**Action item**. Restate the data word for word and leave the images out.
─── Data section ───
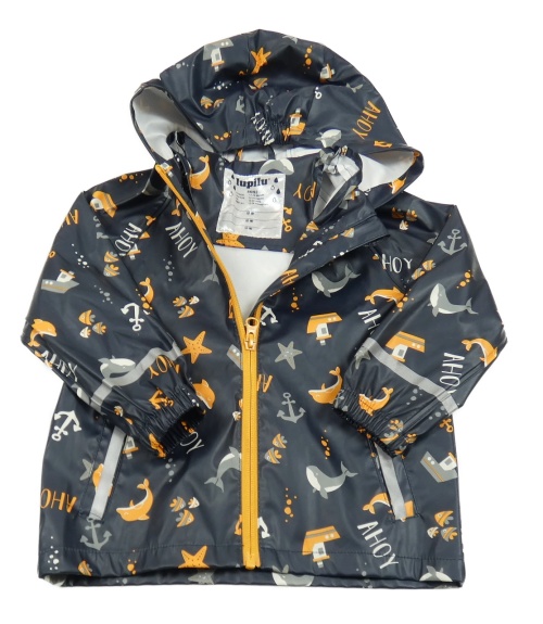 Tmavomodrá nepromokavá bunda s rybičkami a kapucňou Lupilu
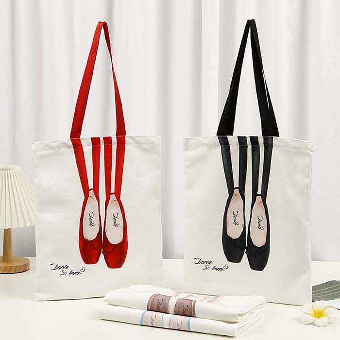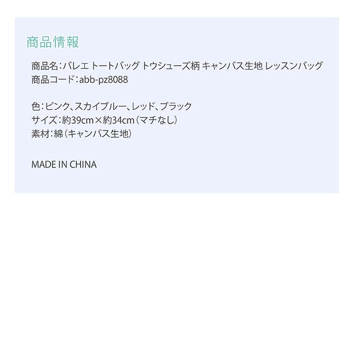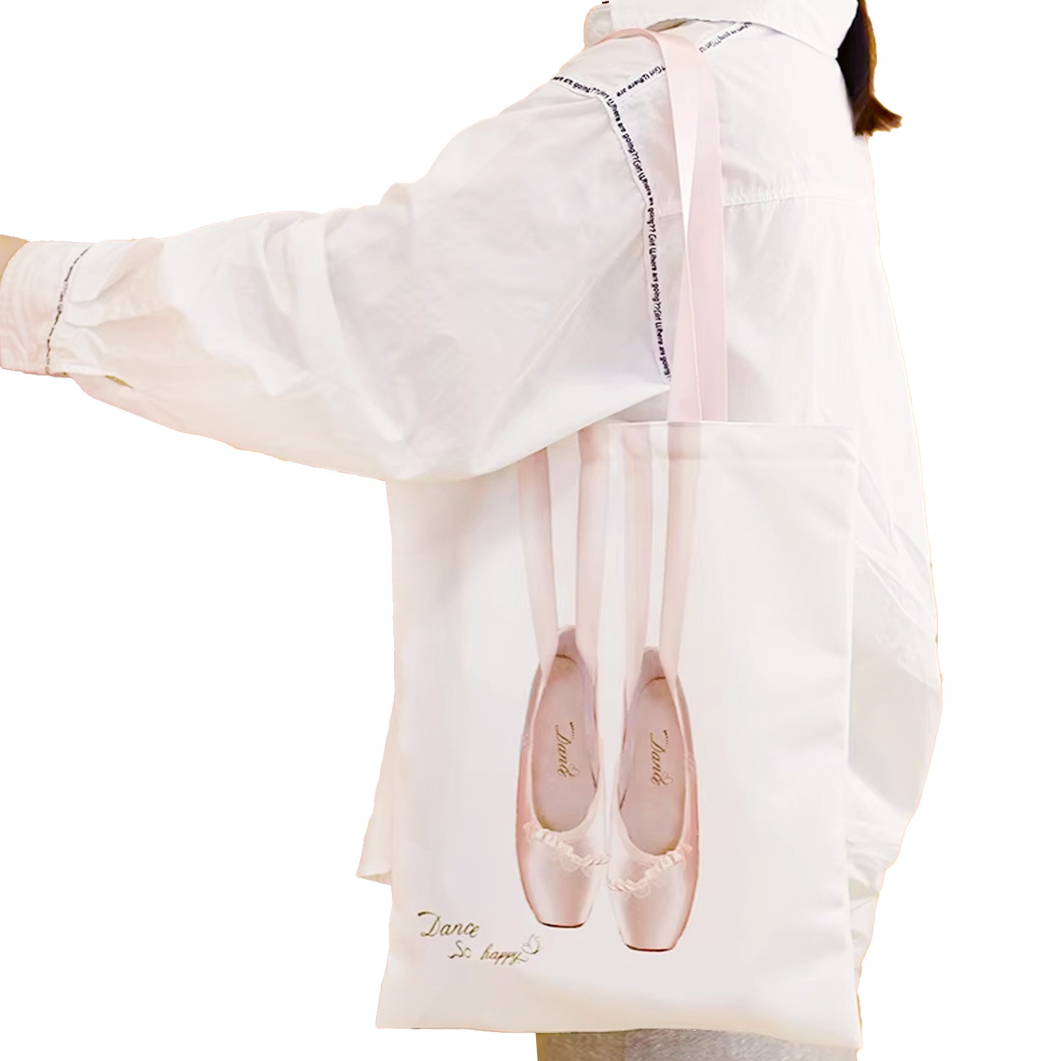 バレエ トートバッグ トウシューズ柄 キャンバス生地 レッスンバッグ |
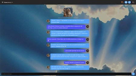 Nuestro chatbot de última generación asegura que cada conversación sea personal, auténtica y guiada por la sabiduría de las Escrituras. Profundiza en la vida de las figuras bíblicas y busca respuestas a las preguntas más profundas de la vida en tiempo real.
───
**Solution for this problem**.
 Tmavomodrá nepromokavá bunda s rybičkami a kapucňou Lupilu
 バレエ トートバッグ トウシューズ柄 キャンバス生地 レッスンバッグ |
 Nuestro chatbot de última generación asegura que cada conversación sea personal, auténtica y guiada por la sabiduría de las Escrituras. Profundiza en la vida de las figuras bíblicas y busca respuestas a las preguntas más profundas de la vida en tiempo real.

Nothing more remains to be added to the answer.